Lawyers, law clerks and law students from across the state — irrespective of their political affiliations —walked from Calcutta High Court to the city civil court on Monday to protest the Citizenship (Amendment) Act.

Arunava Ghosh, Congress spokesman and high court advocate; Bikash Ranjan Bhattacharyya, former Calcutta mayor, CPM leader and advocate; and Bhaskar Baiswa and Prasun Dutta, Trinamul legal cell leaders, led the rally.

“Lawyers are citizens of India first. As citizens of the country, all sections of society have been protesting against this anti-people act. So, we the lawyers have come forward,” Ghosh said. “I am sure the central government will not be able to implement the act.”

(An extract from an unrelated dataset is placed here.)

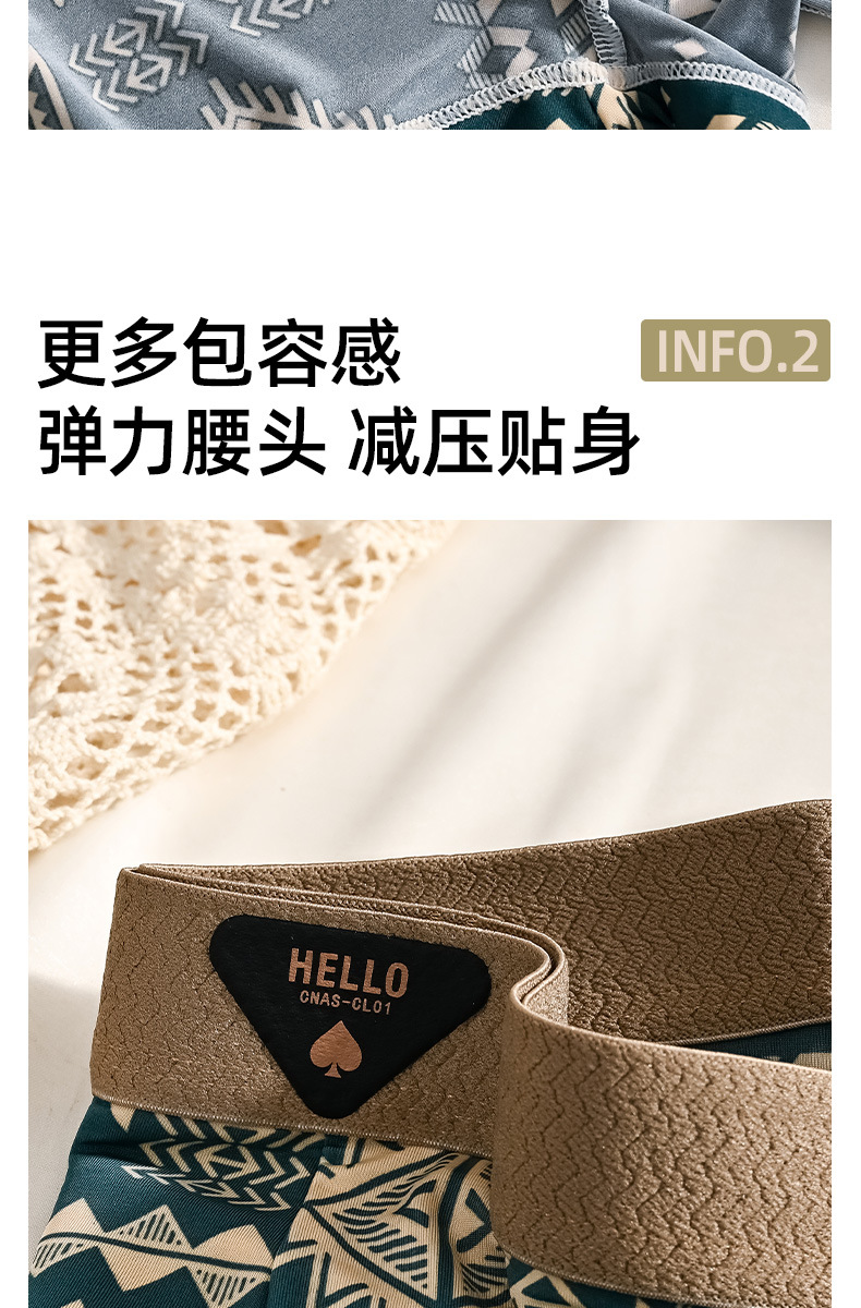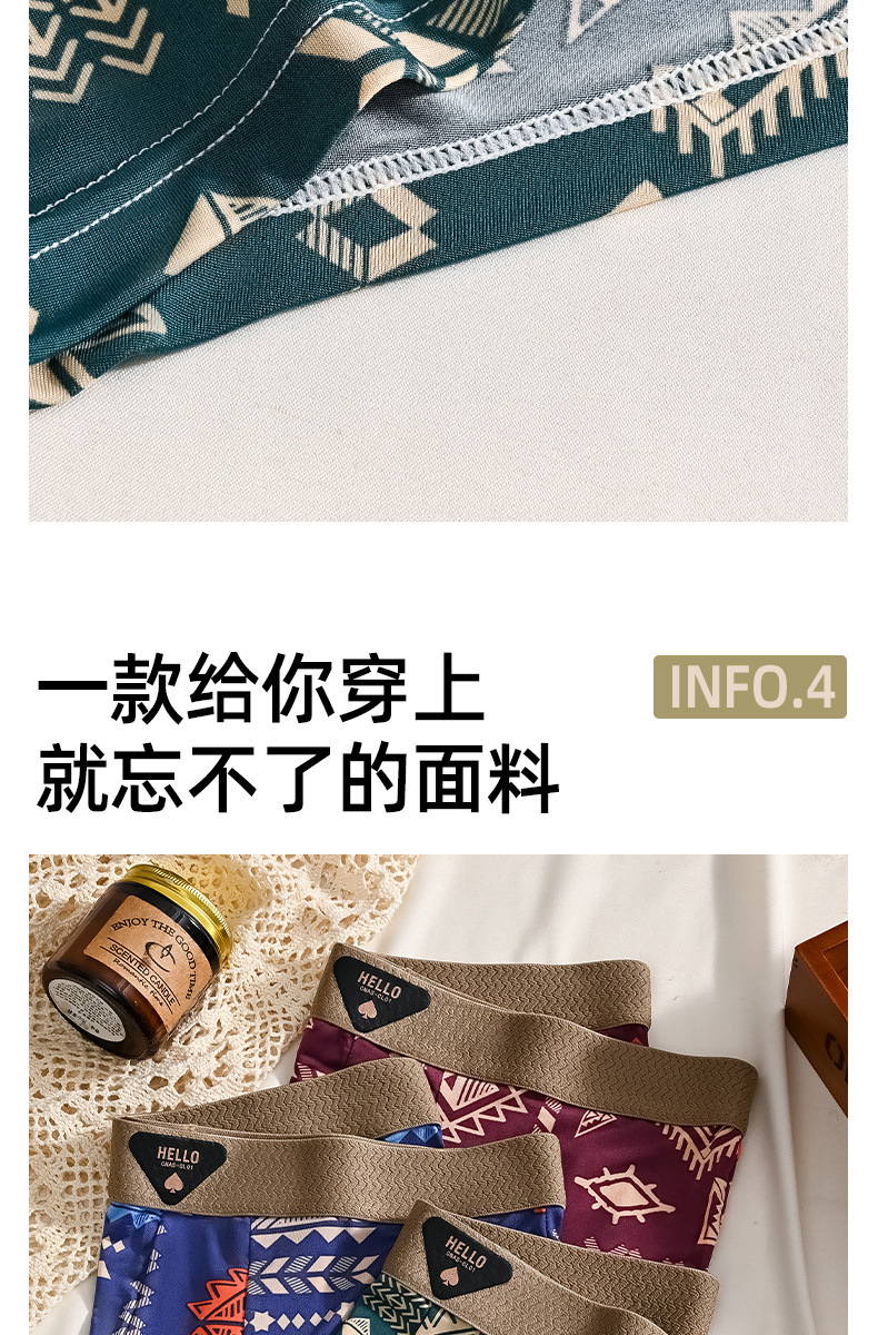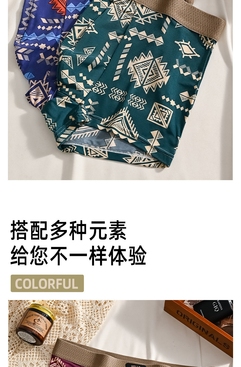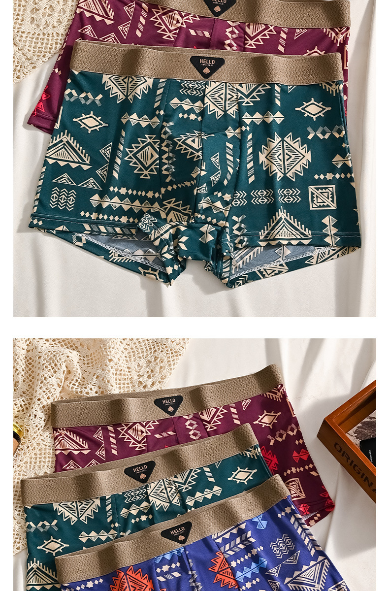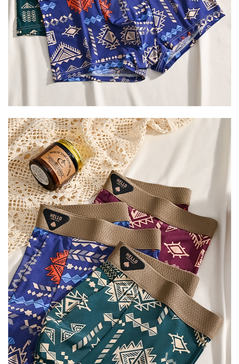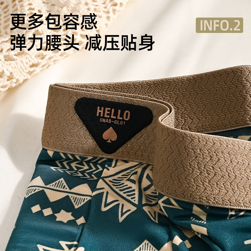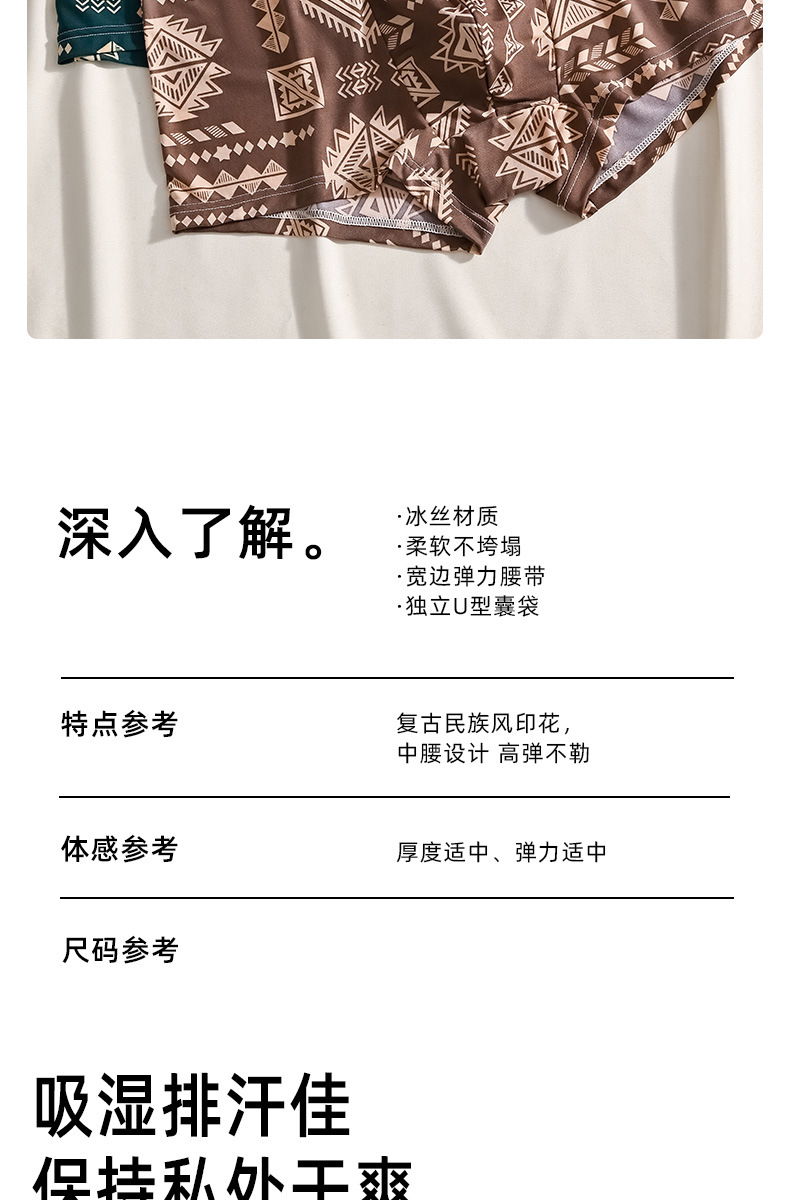 Мужское нижнее белье из ледяного шелка, спортивное молодежное тонкое дышащее летнее легкое и среднее талии, крутой большой размер, этнический стиль с принтом

“The amended act, which is contrary to the provisions laid down in the Indian Constitution, is creating divisions in society,” Bhattacharyya said. “So, lawyers in general joined the rally today.”

The rally moved through Old Post Office Street and Kiran Shankar Roy Road before ending near the city civil court.

Dutta, who is a member of the West Bengal Bar Council, too, said lawyers irrespective of their political affiliations had joined the rally. “Lawyers always come forward when administrations try to impose any anti-people law on citizens.”

The leaders hinted that a larger protest rally would be held shortly.

“Most of the lawyers did not turn up today on hearing the news of our colleague Shibaji Sen’s death. Normal functioning of the court has been suspended as a mark of respect,” a lawyer who was part of the rally said. “Or else, all high court lawyers would have joined the rally.”

Law clerks and law students, who were part of the rally, said they would join any protest organised by lawyers against the CAA.